Cat faisait la tête tout en tapotant exprès le pied du chevalet avec ses grosses pattes avant.

En fait, il le fait juste par ennui.

J'ai vite sorti une pelote de laine que j'avais enroulée dans le coin de la pièce et je l'ai lancée.

« Rapporte ! »

'Pff.'

Malgré le fait que son cul trépignait déjà, Cat a soufflé comme s'il n'avait aucun intérêt pour la pelote noire qui roulait. La pelote a roulé jusqu'à la porte et s'est arrêtée. Et à cette seconde précise, Cat s'est élancé et a commencé à rouler sur le tapis, la pelote dans la gueule.

« Ouf, merci mon Dieu. »

Ayant mis le tableau à l'abri, j'ai déplacé tout le chevalet et l'ai repoussé au fond. Mes poignets palpitent, il me faut une pause. C'était aussi parce que mon bras et mon coude commençaient tous deux à me faire mal.

« Une de vos amies est arrivée, mademoiselle. »

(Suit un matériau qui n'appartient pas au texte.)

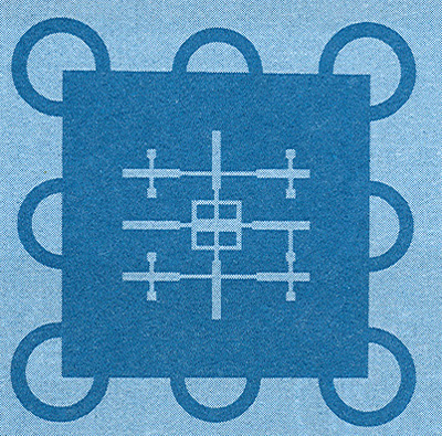 Meimoon Ghal'eh, plan of lower level. Photo by user zereshk.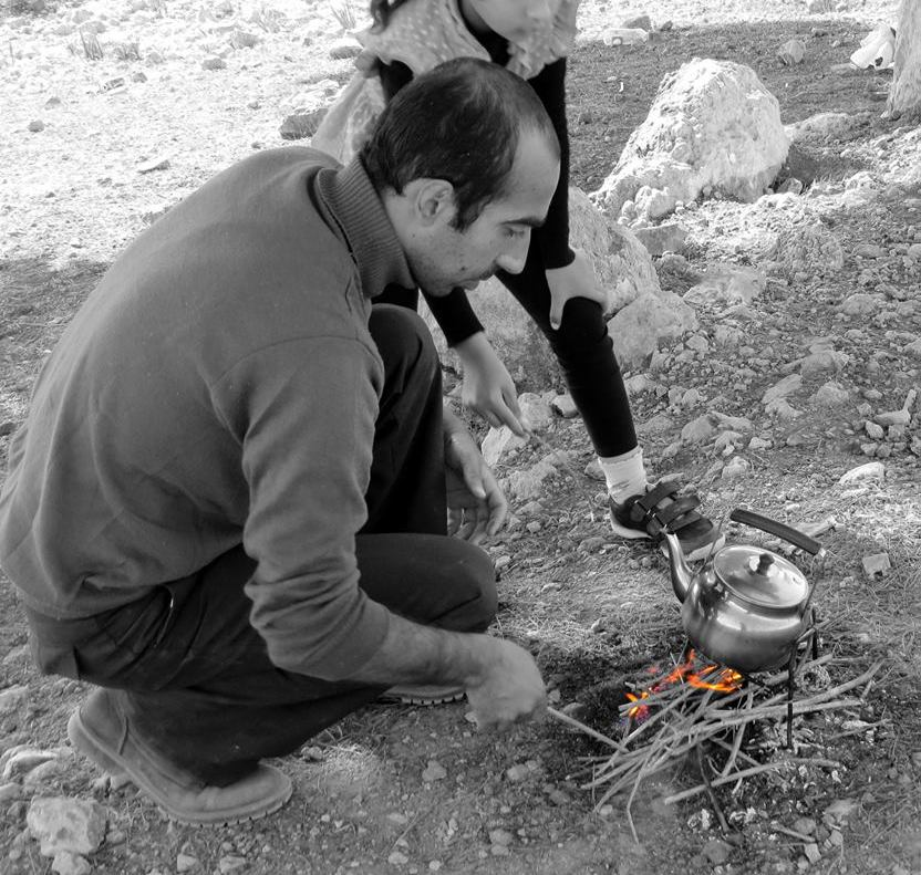 Tea pot on firewood in Palestinian territories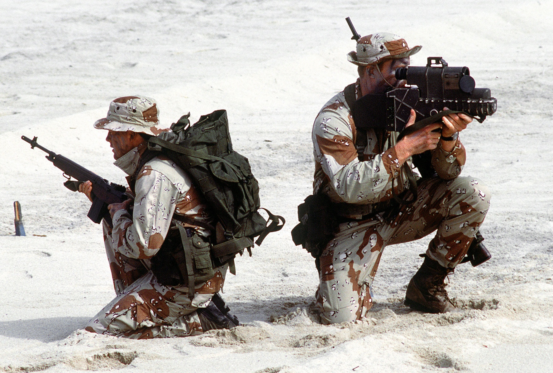 Two Sea-Air-Land (SEAL) team members, one equipped with an AN-PAQ-1 laser target DESIGNATOR, right, the other armed with an M-14 rifle, assume a defensive position after assaulting the beach during an amphibious demonstration for the 14th Annual Inter-American Naval Conference.Location: Naval Amphibious Base Little Creek, Virginia (VA), United States of America (USA)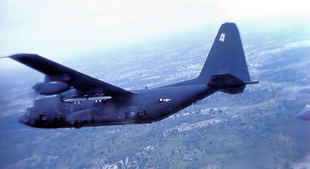 AC-130-LM Hercules Spectre Gunship 55-0029 of the 16th Special Operations Squadron flying from Korat RTAFB, Thailand, July 1974. This aircraft was retired to AMARC on 15 November 1994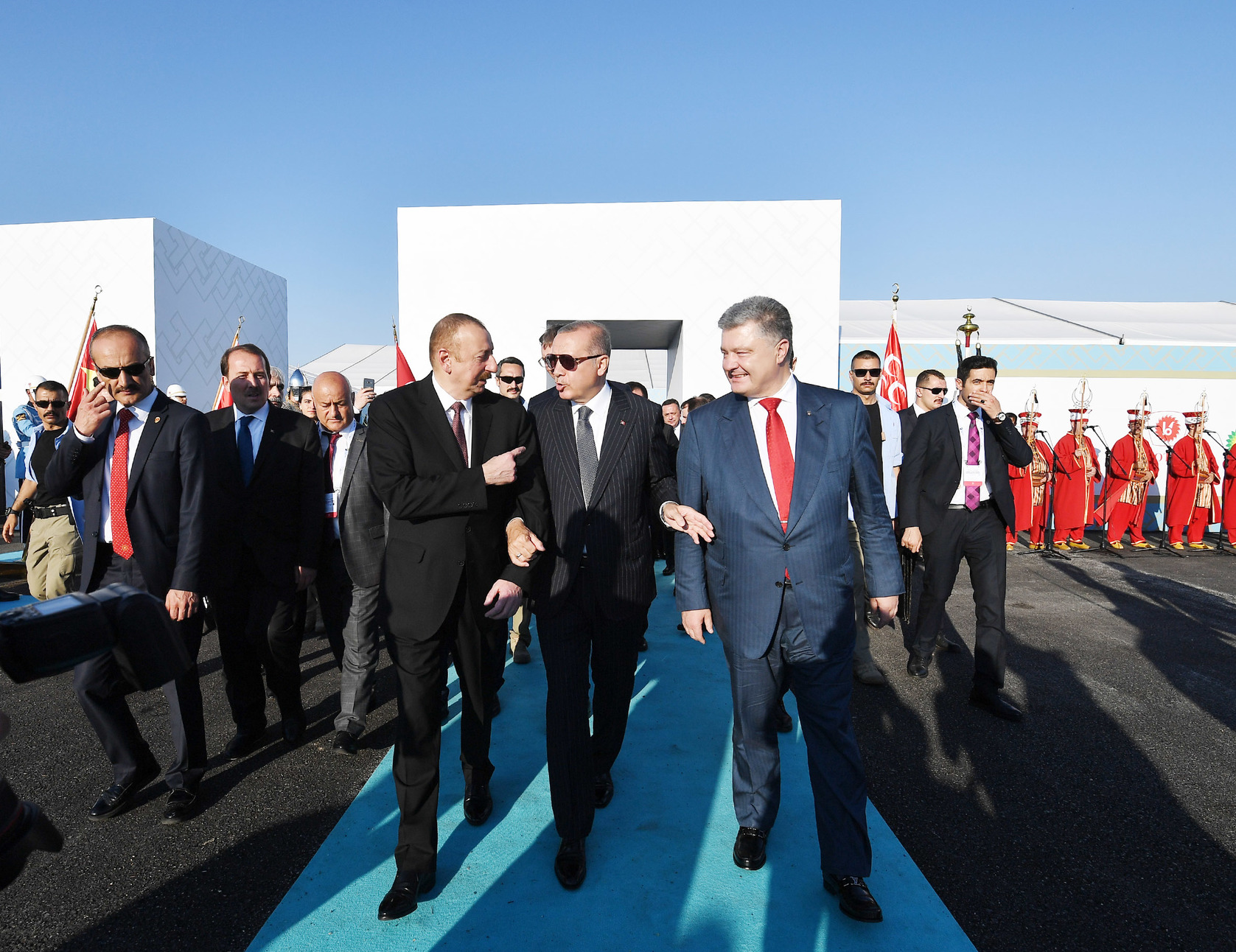 Presidents of Azerbaijan, Turkey and Ukraine at the opening ceremony of the TANAP project in turkish city Eskisehir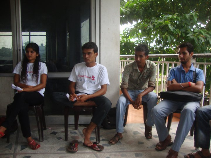 4th meeting of Youth For Blood clicked on 30 july 2011 at FNJ building Morang

Pile à ce moment, Theobalt est apparu avec un coup de poing.

« Une amie ? »

« Oui. C'est dame Cynthia. »

« Ah. »

Cynthia ! Est-ce que quelqu'un a déjà mordu à l'hameçon ?

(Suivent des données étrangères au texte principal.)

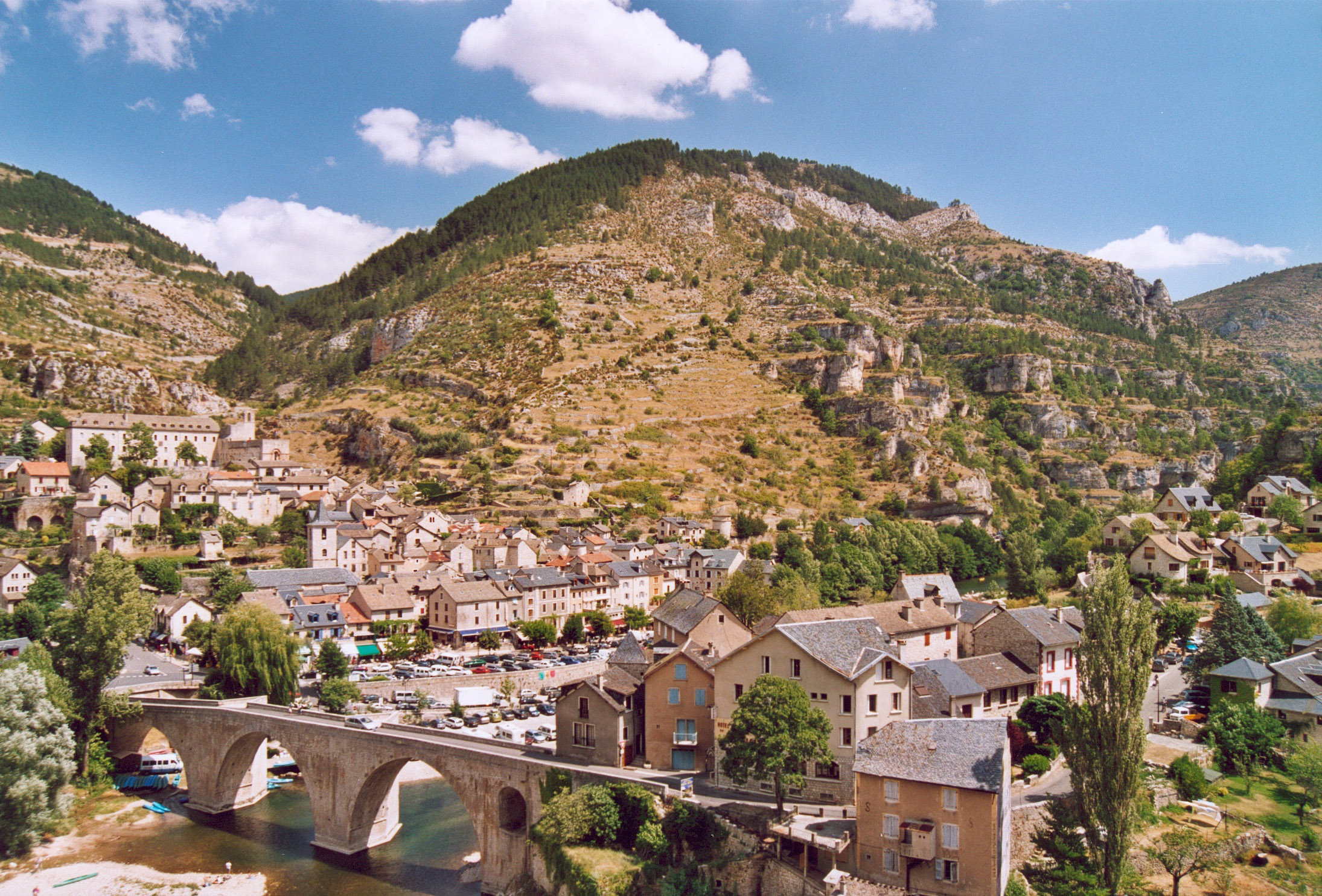 Sainte-Enimie, Lozère, France.

J'ai jeté mon tablier à la hâte et me suis ruée vers la porte d'entrée.

L'entrée était grande ouverte.

« On a eu un coup de fil ! »

En descendant de la voiture, Cynthia a crié de joie.

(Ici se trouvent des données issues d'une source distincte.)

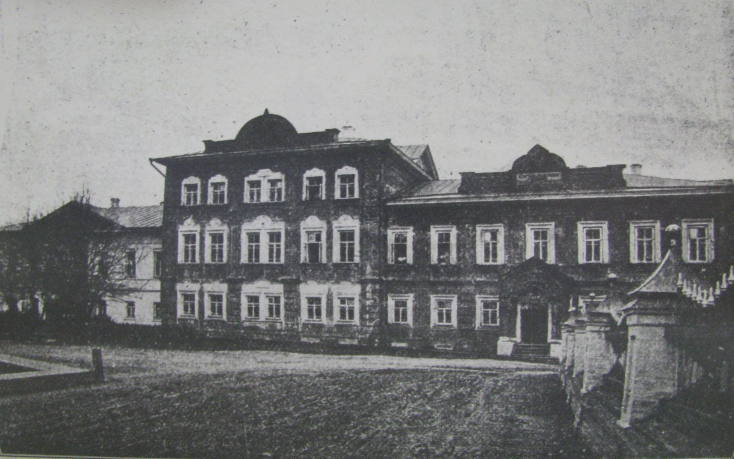 Shelter and college house in Gorny Monastery in Vologda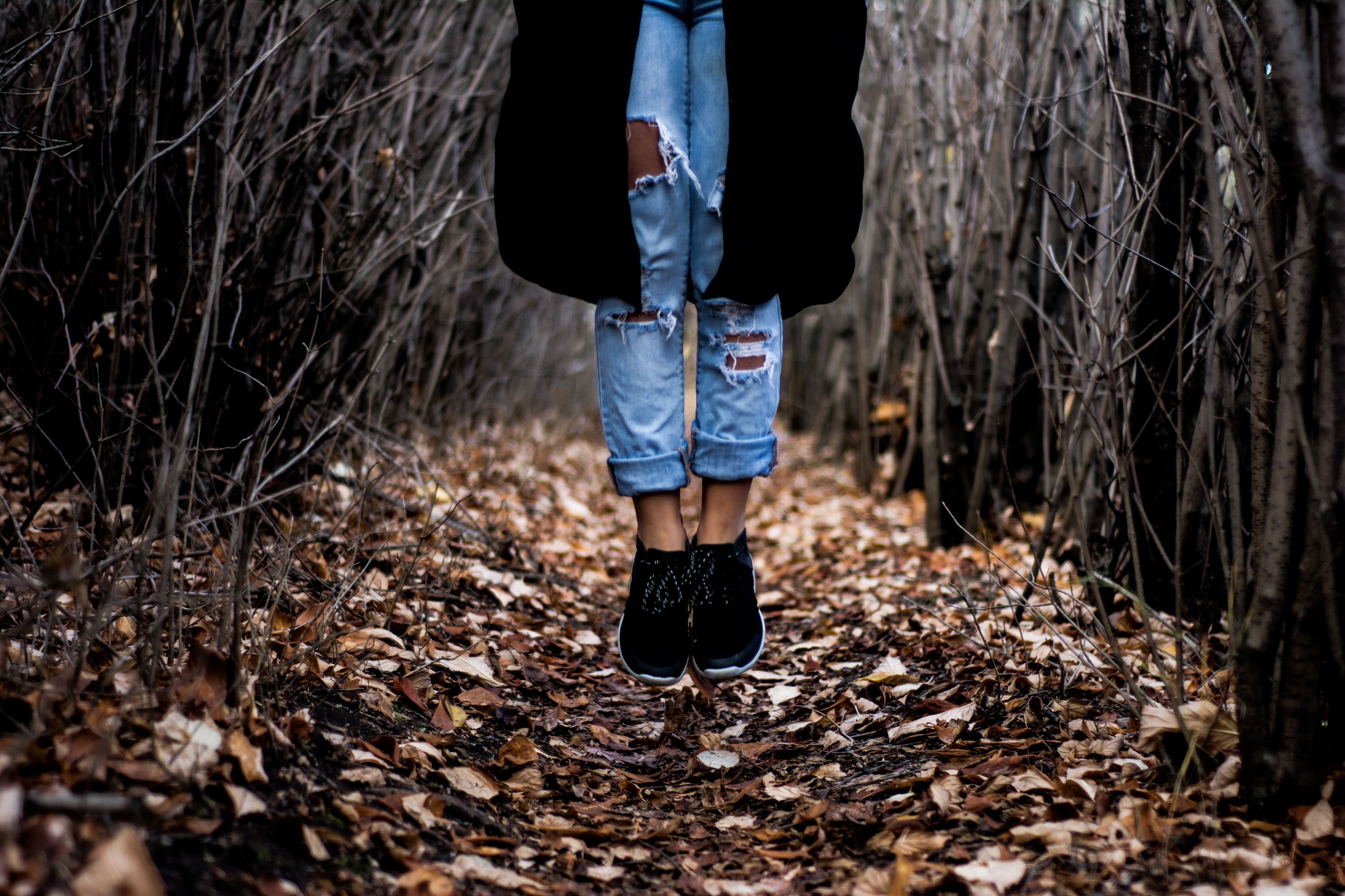 Edmonton, Canada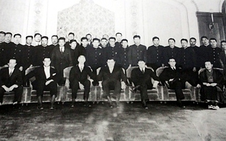 Meiji University Baseball Club met with Babe Ruth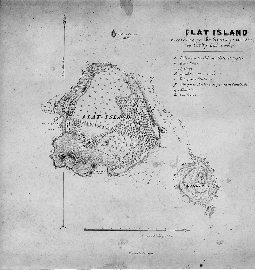 map of Flat Island, Mauritius, also showing Gabriel Island and Pigeon (House) Rock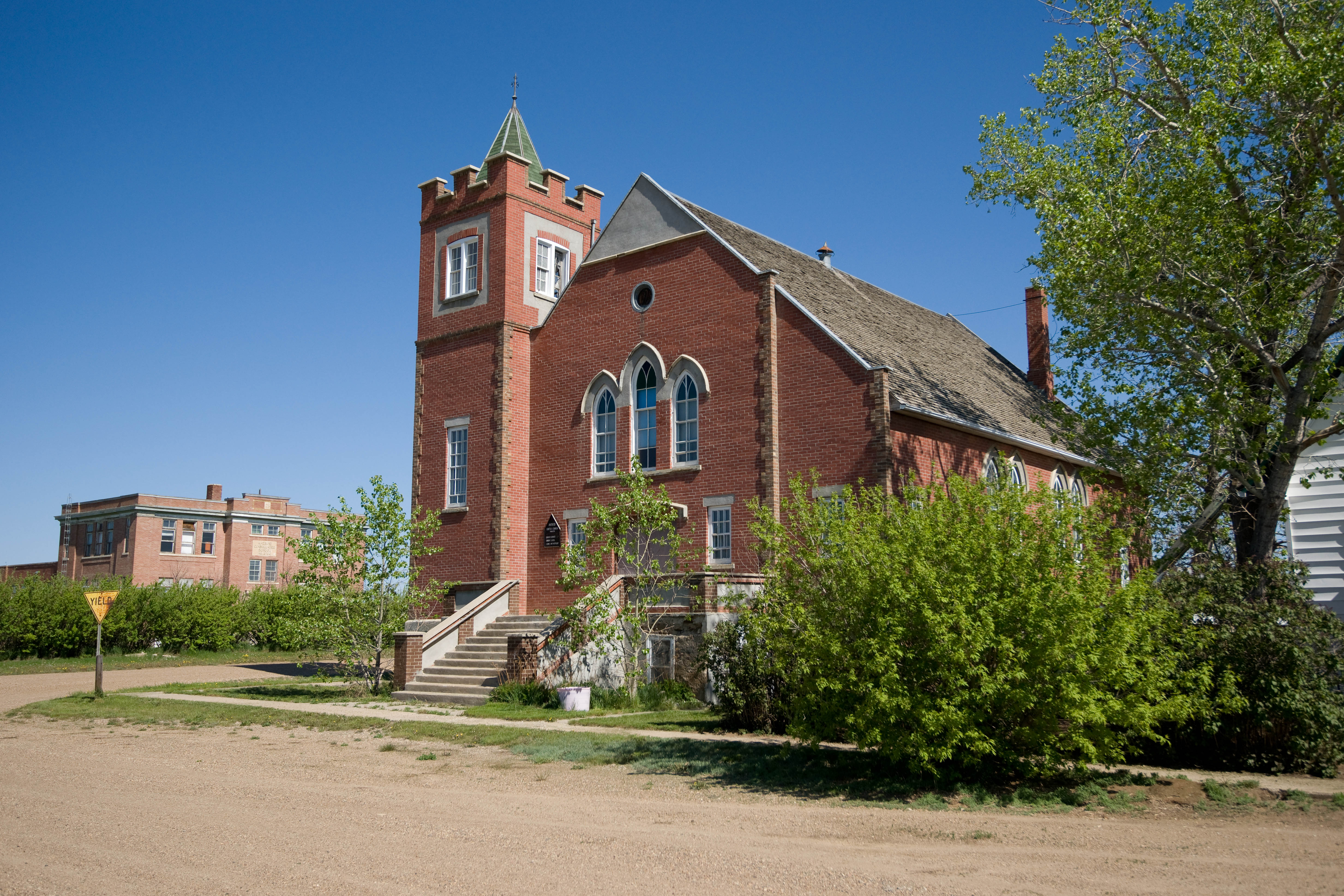 Aneroid United Church in Aneroid, Saskatchewan, Canada. From

« J'ai eu un appel de l'endroit où ils sont allés, ils se sont excusés et ont dit qu'ils ne pensaient pas qu'on puisse plus louer la salle pour le défilé. »

« Où c'est ? »

« C'est la salle des mariages Lavande. »

Tous les aristocrates ne résident pas dans de somptueux domaines.

Du coup, les nobles louent souvent des salles des mariages pour leurs noces.

De plus, ceux de l'axe de la prospérité parmi les roturiers voulaient se marier dans un lieu respectable même en payant cher, alors la salle des mariages a été développée pour satisfaire ce besoin.

C'est spacieux, et c'est facile pour les mannequins de défiler, donc n'importe qui penserait que c'est bien d'y organiser un défilé de mode.

Comme notre offre était pour la publicité, il n'y avait aucune raison de la refuser.

Raziana est descendue derrière Cynthia.

Raziana rougissait aussi, comme un peu excitée.

« Le musée a aussi exprimé son désaccord, mais c'est compréhensible vu que c'est un musée. En plus, dès que je les ai informés du défilé, ils ont fait part de leur opposition. Par contre, la salle des mariages, c'est l'opposé total. »

« Au début, ils ont dit que c'était bien, que c'était vraiment bien, mais tout à coup, ils ont changé d'avis comme on retourne la main ! »

Cynthia a crié en serrant ses mains l'une contre l'autre.

Comme une détective qui vient d'appréhender un criminel, ses yeux pétillent.

« Alors il y a de quoi douter. »

« Non ? »

« Oui, alors allons tout de suite à la boutique. »

J'ai pris une voiture aujourd'hui encore, les chevaliers me suivant comme des ombres.

Il est maintenant temps de mettre un terme à cette série d'événements.